Slices up families by additive relatedness, creating CSV files grouped by degree of relatedness. Operates on a potentially large file by reading in chunks and binning links by additive relatedness.
Usage
sliceFamilies(
outcome_name = "AD_demo",
biggest = TRUE,
bin_width = 0.1,
degreerelatedness = 12,
chunk_size = 2e+07,
max_lines = 1e+13,
addRel_ceiling = 1.5,
input_file = NULL,
folder_prefix = "data",
progress_csv = "progress.csv",
progress_status = "progress.txt",
data_directory = NULL,
verbose = FALSE,
error_handling = FALSE,
file_column_names = c("ID1", "ID2", "addRel", "mitRel", "cnuRel")
)
Arguments
- outcome_name
Name of the outcome variable (used for naming input/output files)
- biggest
Logical; whether to process the "biggest" family dataset (TRUE) or all-but-biggest (FALSE)
- bin_width
Width of additive relatedness bins (default is 0.10)

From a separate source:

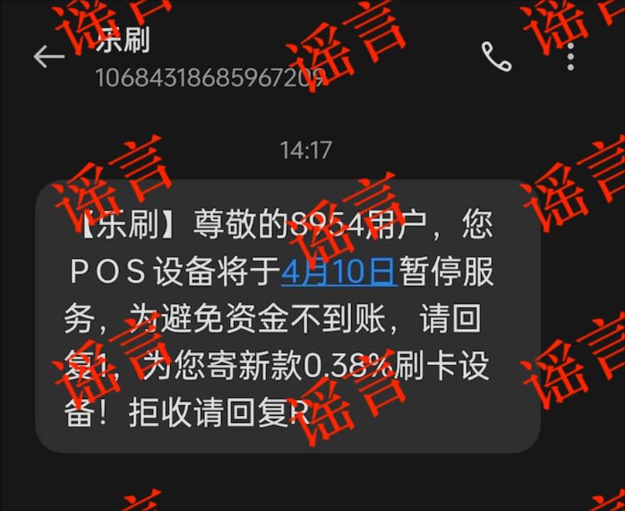聲明表示,近期收到用戶反饋,稱收到“設備暫停服務更換新款0.38%刷卡設備”的短信或電話通知,短信內容如下:
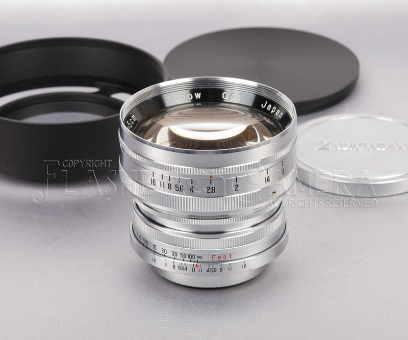後期型。4群9枚構成。Zunow Opt.銘。名前もカタチも、ロゴも描写も、そしてヒストリーもたまらなく魅力的な、ノン・ライツのニッポン代表。開放付近で豪快なフレアが出る初期のピンポンに比べ、新種ガラスの採用とレンズ構成の改良により、大幅に描写性能が向上。開放ではフレアが盛大に出ますが、少し絞り込むだけで解像力も高く、シャープな描写に変化します。ガラス綺麗です。2016年5月にOH済。社外品のフードが付属します。試写結果良好です!

Maximum degree of relatedness to consider (default 12)
- chunk_size
Number of lines to read in each chunk (default 2e7)
- max_lines
Max number of lines to process from input file (default 1e13)
- addRel_ceiling
Numeric. Maximum relatedness value to bin to. Default is 1.5
- input_file
Path to the input CSV file. If NULL, defaults to a specific file based on `biggest` flag.
- folder_prefix
Prefix for the output folder (default "data")
- progress_csv
Path to a CSV file for tracking progress (default "progress.csv")
- progress_status
Path to a text file for logging progress status (default "progress.txt")
- data_directory
Directory where output files will be saved. If NULL, it is constructed based on `outcome_name` and `folder_prefix`.
- verbose
Logical; whether to print progress messages (default FALSE)
- error_handling
Logical. Should more aggressive error handing be attemptted? Default is false
- file_column_names
Names of the columns in the input file (default c("ID1", "ID2", "addRel", "mitRel", "cnuRel"))